Differentiation of Induced Pluripotent Stem Cells towards Mesenchymal Stromal Cells is Hampered by Culture in 3D Hydrogels [DNA methylation array]. Differentiation of Induced Pluripotent Stem Cells towards Mesenchymal Stromal Cells is Hampered by Culture in 3D Hydrogels [DNA methylation array]

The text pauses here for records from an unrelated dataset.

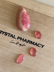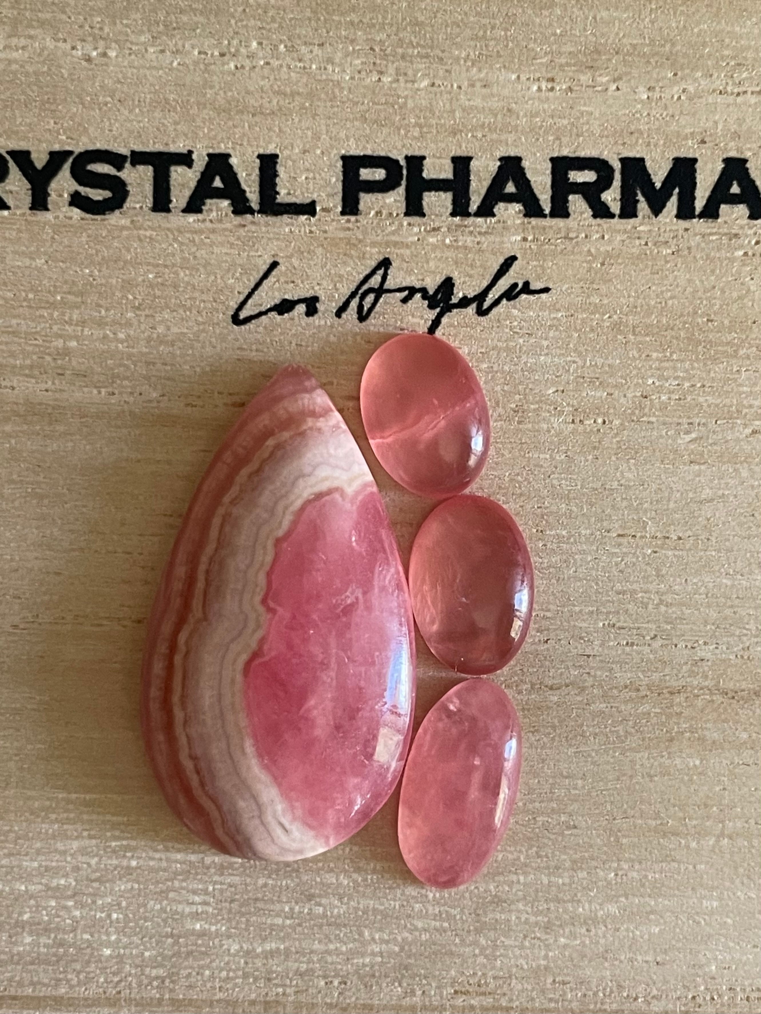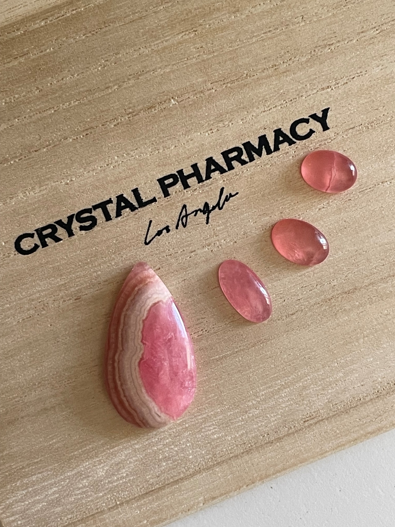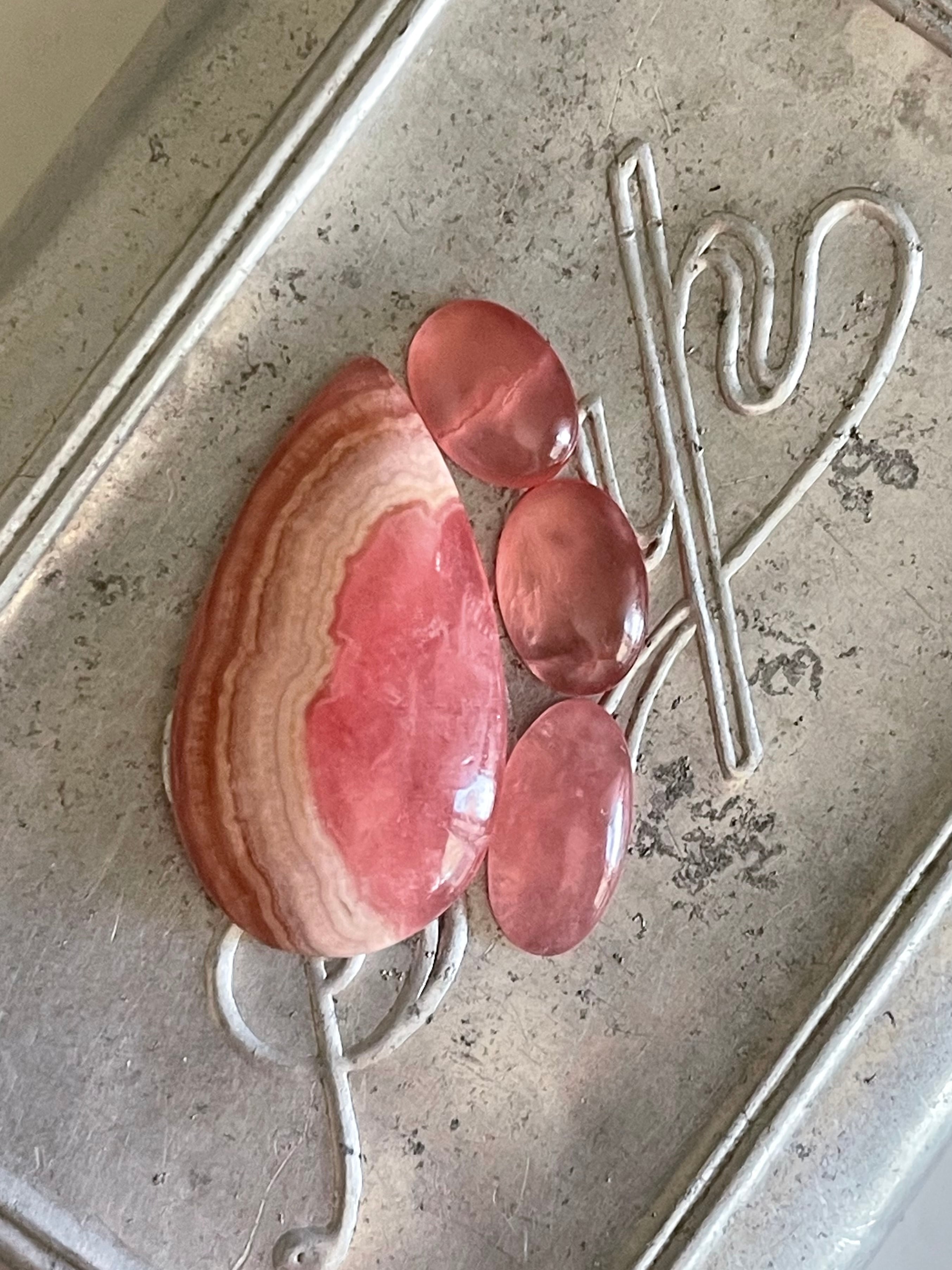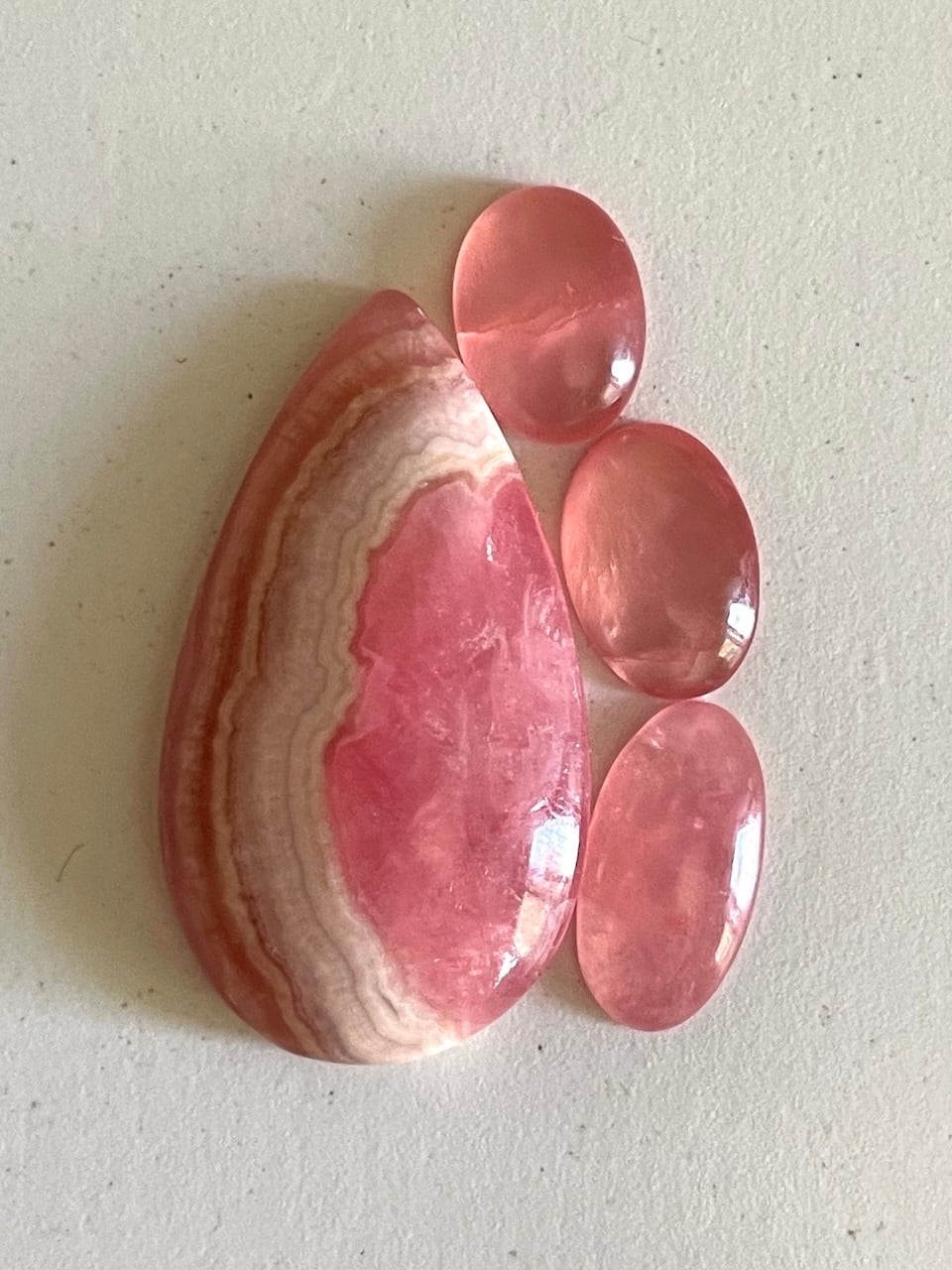 透きとおるようなピンクの濃淡が美しく揺らぐ、ロードクロサイトのルースセット。レース模様が美しいティアドロップと、艶やかなカボションたち。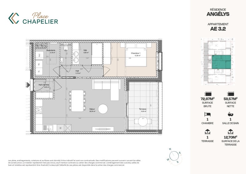 Accessible via la rue de la Clef, la Résidence Angélys propose 13 appartements dont celui-ci situé au 3ème étage, le "E 3.2" de +/- 72 m² (surface brute) avec un extérieur de +/- 12 m² (surface nette). PLAN SUR DEMANDE. Certifiée PEB A+, la résidence répond aux normes les plus exigeantes en matière de performances énergétiques, ce qui permet d'assurer un confort de vie optimal et une consommation énergétique insignifiante. Nombreux parkings intérieurs et extérieurs disponibles ainsi que des caves individuelles. Parking vélos. Les appartements sont vendus achevés (hors peinture et luminaires). Les cuisines de qualité sont équipées et comprises dans le prix de vente. Pompe à chaleur individuelle, chauffage sol, ventilation double flux et compteurs séparés (eau et électricité). Référence PEB: RWPEB-105437. Prix hors frais (TVA 21%, droits d'enregistrement sur la quotité terrain, frais de raccordements, honoraires notariaux et frais d'acte de base). RC non attribué. N'hésitez pas à nous contacter pour fixer une visite ! Plus d'informations disponibles sur demande à info@waucomont.be. Informations données à titre indicatif et non contractuelles. www.PLACECHAPELIER.be
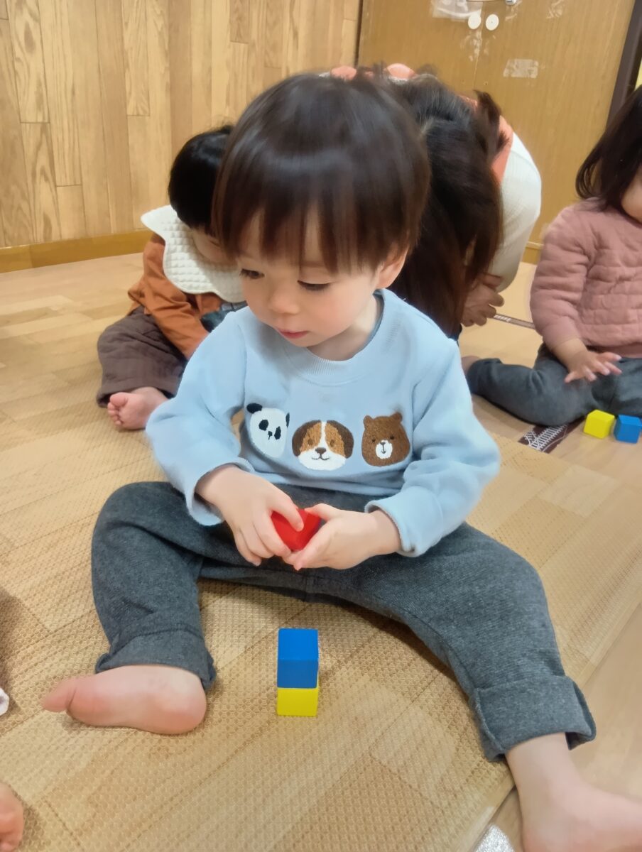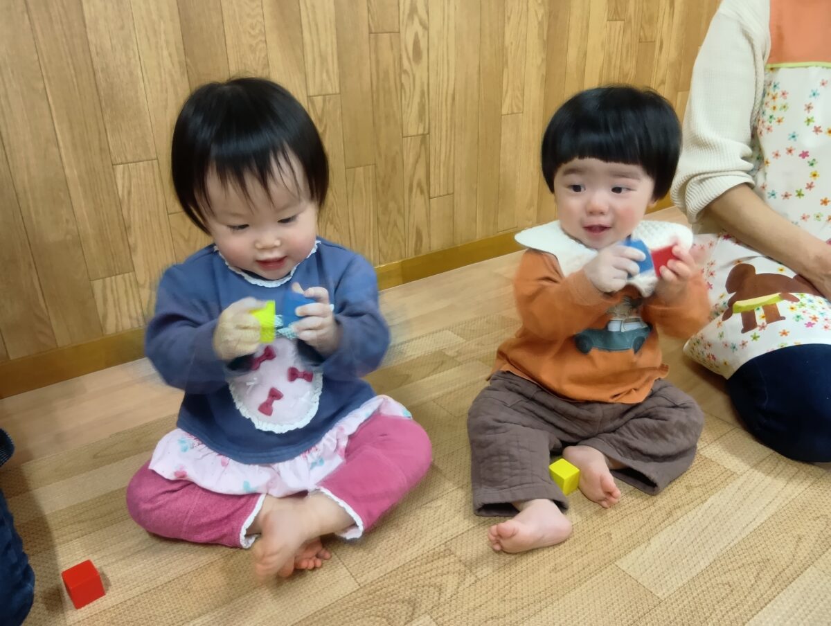 1人の子が積み木をたたいてカチカチと音を奏でると、隣に座っていたお友だちもいっしょにカチカチッ♪

Directed differentiation of induced pluripotent stem cells (iPSCs) towards specific lineages remains a major challenge in regenerative medicine, while there is a growing perception that this process can be influenced by the three-dimensional environment. In this study, we investigated whether iPSCs can differentiate towards mesenchymal stromal cells (MSCs) when embedded into fibrin hydrogels to enable a one-step differentiation procedure within a scaffold. Differentiation of iPSCs on tissue culture plastic or on top of fibrin hydrogels resulted in a typical MSC-like phenotype. In contrast, iPSCs embedded into fibrin gel gave rise to much smaller cells with heterogeneous growth patterns, absence of fibronectin, faint expression of CD73 and CD105, and reduced differentiation potential towards osteogenic and adipogenic lineage. Transcriptomic analysis demonstrated that characteristic genes for MSCs and extracellular matrix were upregulated on flat substrates, whereas genes of neural development were upregulated in 3D culture. Furthermore, the 3D culture had major effects on DNA methylation profiles, particularly within genes for neuronal and cardiovascular development, while there was no evidence for epigenetic maturation towards MSCs. Taken together, iPSCs could be differentiated towards MSCs on tissue culture plastic or on a flat fibrin hydrogel. In contrast, the differentiation process was heterogeneous and not directed towards MSCs when iPSCs were embedded into the hydrogel. Overall design: Three different iPSC lines (donors 1-3) were differentiated toward MSCs either on fibrin gel or within fibrin gel to compare impact of 2D and 3D culture with a soft substrate on DNA methylation profiles with Illumina Infinium MethylationEPIC BeadChip

诱导多能干细胞（induced pluripotent stem cells, iPSCs）定向分化为特定细胞谱系仍是再生医学领域的重大挑战，而越来越多的研究表明，三维微环境可对该分化过程产生调控作用。本研究旨在探究：当将iPSCs包埋于纤维蛋白水凝胶中以实现在支架内一步完成分化流程时，其能否定向分化为间充质基质细胞（mesenchymal stromal cells, MSCs）。 在组织培养塑料表面或纤维蛋白水凝胶上层培养的iPSCs，可分化为典型的类间充质基质细胞表型。与之相反，包埋于纤维蛋白凝胶内的iPSCs则分化为体积更小的细胞，呈现异质性生长模式，不表达纤连蛋白，CD73与CD105的表达微弱，且向成骨细胞和成脂细胞谱系分化的潜能降低。 转录组学分析显示：在平面基底上培养时，间充质基质细胞特征基因与细胞外基质相关基因均呈上调表达；而在三维培养体系中，神经发育相关基因则被显著激活。此外，三维培养体系对DNA甲基化谱具有显著影响，尤其在神经发育与心血管发育相关基因区域；但未观察到向间充质基质细胞方向的表观遗传成熟迹象。 综上，在组织培养塑料表面或平面纤维蛋白水凝胶上层培养时，iPSCs可定向分化为间充质基质细胞；而当iPSCs被包埋于水凝胶内部时，其分化过程呈现异质性，且未定向朝向间充质基质细胞谱系。 实验整体设计：选取3株不同供体来源的iPSCs细胞系（供体1-3），分别在纤维蛋白凝胶表面及内部定向分化为间充质基质细胞，采用Illumina Infinium MethylationEPIC BeadChip检测DNA甲基化谱，以比较软基底的二维与三维培养体系对甲基化谱的影响。